# Information shown:
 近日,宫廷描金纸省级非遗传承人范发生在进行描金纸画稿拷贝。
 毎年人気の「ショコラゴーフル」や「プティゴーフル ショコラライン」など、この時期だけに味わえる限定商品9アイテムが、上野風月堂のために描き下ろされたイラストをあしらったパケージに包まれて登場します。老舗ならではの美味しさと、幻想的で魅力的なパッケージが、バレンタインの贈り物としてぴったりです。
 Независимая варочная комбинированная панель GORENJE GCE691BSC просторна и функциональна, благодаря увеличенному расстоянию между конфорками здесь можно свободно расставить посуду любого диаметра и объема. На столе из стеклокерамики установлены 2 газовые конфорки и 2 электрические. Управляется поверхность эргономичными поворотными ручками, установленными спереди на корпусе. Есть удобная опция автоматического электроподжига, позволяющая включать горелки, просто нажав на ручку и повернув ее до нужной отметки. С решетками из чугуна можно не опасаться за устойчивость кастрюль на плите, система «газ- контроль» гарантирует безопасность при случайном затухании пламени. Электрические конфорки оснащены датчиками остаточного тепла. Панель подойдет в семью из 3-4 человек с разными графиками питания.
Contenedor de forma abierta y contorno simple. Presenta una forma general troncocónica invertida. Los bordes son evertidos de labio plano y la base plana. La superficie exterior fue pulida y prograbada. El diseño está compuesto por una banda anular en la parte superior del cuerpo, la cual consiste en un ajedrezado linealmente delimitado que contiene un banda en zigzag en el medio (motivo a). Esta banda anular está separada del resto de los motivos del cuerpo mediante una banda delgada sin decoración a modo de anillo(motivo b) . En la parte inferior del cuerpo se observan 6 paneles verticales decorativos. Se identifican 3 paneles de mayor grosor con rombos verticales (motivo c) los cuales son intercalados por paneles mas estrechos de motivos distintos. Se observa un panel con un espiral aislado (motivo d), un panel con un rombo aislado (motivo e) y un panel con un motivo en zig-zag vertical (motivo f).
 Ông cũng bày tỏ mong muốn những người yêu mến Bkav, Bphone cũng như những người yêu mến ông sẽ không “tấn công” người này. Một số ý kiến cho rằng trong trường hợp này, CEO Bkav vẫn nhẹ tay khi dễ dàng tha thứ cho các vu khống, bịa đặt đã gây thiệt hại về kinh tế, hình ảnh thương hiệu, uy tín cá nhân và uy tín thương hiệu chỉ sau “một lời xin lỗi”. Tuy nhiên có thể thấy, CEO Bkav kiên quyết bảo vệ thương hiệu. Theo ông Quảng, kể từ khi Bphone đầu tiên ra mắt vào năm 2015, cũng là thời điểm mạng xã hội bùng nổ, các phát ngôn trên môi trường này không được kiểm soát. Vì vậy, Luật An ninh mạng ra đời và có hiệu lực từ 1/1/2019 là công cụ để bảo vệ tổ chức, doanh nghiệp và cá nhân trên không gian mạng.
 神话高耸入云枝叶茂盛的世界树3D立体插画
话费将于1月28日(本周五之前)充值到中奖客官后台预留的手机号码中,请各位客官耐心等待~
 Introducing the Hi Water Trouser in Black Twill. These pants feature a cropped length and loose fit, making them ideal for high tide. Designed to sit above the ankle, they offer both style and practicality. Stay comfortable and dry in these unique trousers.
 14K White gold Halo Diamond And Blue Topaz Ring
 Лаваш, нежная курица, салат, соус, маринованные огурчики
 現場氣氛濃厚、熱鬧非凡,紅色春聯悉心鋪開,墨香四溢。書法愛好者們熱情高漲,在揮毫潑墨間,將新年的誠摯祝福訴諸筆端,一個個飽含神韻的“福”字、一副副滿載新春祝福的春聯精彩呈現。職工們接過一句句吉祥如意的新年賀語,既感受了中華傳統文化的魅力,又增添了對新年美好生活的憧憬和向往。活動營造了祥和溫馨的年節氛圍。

# Activity:
From the first line of the records to the line containing "Независимая варочная комбинированная", inclusive, transcribe everything exactly and leave out the rest.

# Output for this task:
 近日,宫廷描金纸省级非遗传承人范发生在进行描金纸画稿拷贝。
 毎年人気の「ショコラゴーフル」や「プティゴーフル ショコラライン」など、この時期だけに味わえる限定商品9アイテムが、上野風月堂のために描き下ろされたイラストをあしらったパケージに包まれて登場します。老舗ならではの美味しさと、幻想的で魅力的なパッケージが、バレンタインの贈り物としてぴったりです。
 Независимая варочная комбинированная панель GORENJE GCE691BSC просторна и функциональна, благодаря увеличенному расстоянию между конфорками здесь можно свободно расставить посуду любого диаметра и объема. На столе из стеклокерамики установлены 2 газовые конфорки и 2 электрические. Управляется поверхность эргономичными поворотными ручками, установленными спереди на корпусе. Есть удобная опция автоматического электроподжига, позволяющая включать горелки, просто нажав на ручку и повернув ее до нужной отметки. С решетками из чугуна можно не опасаться за устойчивость кастрюль на плите, система «газ- контроль» гарантирует безопасность при случайном затухании пламени. Электрические конфорки оснащены датчиками остаточного тепла. Панель подойдет в семью из 3-4 человек с разными графиками питания.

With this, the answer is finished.